> **To do**:
Exact reproduction required: the lines below from the line with "This incredible Black" to the line with "Egyptian ancient hieroglyphs", both ends included, and no others.

> **Records for the task**:

- - - -

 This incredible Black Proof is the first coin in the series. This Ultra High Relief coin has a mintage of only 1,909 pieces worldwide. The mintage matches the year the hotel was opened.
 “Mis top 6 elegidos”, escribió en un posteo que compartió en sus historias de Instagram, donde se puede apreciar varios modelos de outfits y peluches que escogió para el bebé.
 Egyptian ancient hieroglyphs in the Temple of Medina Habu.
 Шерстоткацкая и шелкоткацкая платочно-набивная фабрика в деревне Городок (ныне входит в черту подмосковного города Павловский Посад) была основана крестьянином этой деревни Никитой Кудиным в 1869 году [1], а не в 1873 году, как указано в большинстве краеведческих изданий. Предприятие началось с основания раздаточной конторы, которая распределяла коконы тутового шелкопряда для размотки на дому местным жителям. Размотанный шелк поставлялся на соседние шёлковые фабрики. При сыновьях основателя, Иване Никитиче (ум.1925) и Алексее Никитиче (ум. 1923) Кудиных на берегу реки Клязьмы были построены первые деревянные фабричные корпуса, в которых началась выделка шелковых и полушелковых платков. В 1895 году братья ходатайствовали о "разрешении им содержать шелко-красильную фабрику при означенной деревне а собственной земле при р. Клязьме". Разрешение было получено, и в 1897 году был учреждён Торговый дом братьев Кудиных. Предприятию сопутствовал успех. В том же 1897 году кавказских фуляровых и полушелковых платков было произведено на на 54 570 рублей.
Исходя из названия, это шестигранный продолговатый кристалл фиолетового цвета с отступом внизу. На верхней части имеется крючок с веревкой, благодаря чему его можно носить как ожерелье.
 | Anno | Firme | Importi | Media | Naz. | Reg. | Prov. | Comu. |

- - - -

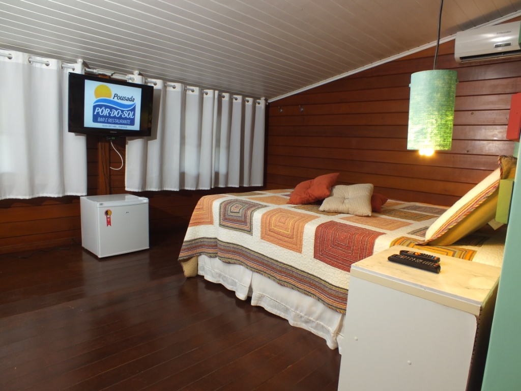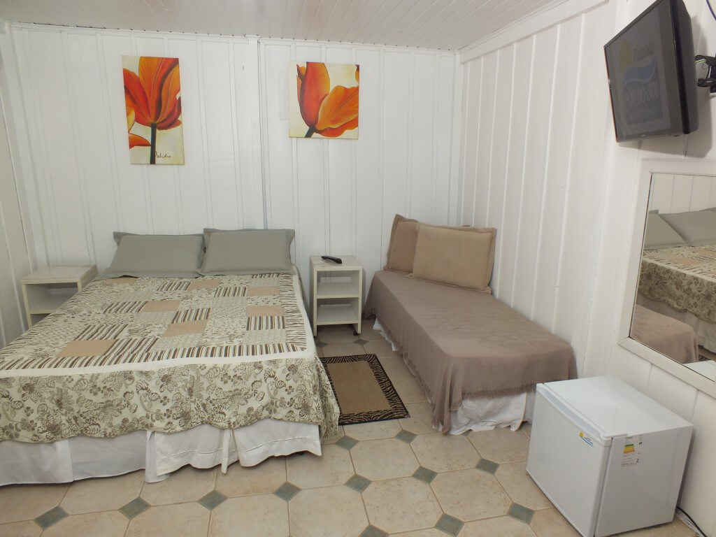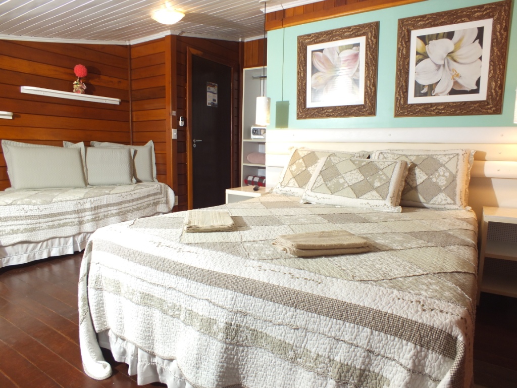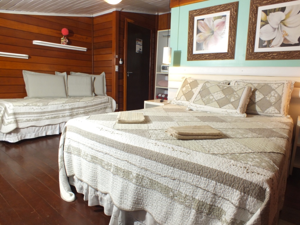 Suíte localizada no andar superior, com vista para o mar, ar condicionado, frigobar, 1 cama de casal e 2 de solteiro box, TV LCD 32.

- - - -

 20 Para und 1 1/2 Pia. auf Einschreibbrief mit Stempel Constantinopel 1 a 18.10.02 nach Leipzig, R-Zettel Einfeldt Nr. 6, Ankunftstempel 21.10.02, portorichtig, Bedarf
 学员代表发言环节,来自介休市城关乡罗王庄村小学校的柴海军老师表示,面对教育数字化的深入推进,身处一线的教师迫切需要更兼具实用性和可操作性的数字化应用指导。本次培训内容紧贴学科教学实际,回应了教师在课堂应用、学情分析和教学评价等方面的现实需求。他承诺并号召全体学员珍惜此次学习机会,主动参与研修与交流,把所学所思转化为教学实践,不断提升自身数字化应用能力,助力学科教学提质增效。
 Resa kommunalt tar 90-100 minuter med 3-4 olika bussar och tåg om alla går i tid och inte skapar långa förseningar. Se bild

- - - -

> **Exercise answer**:
 This incredible Black Proof is the first coin in the series. This Ultra High Relief coin has a mintage of only 1,909 pieces worldwide. The mintage matches the year the hotel was opened.
 “Mis top 6 elegidos”, escribió en un posteo que compartió en sus historias de Instagram, donde se puede apreciar varios modelos de outfits y peluches que escogió para el bebé.
 Egyptian ancient hieroglyphs in the Temple of Medina Habu.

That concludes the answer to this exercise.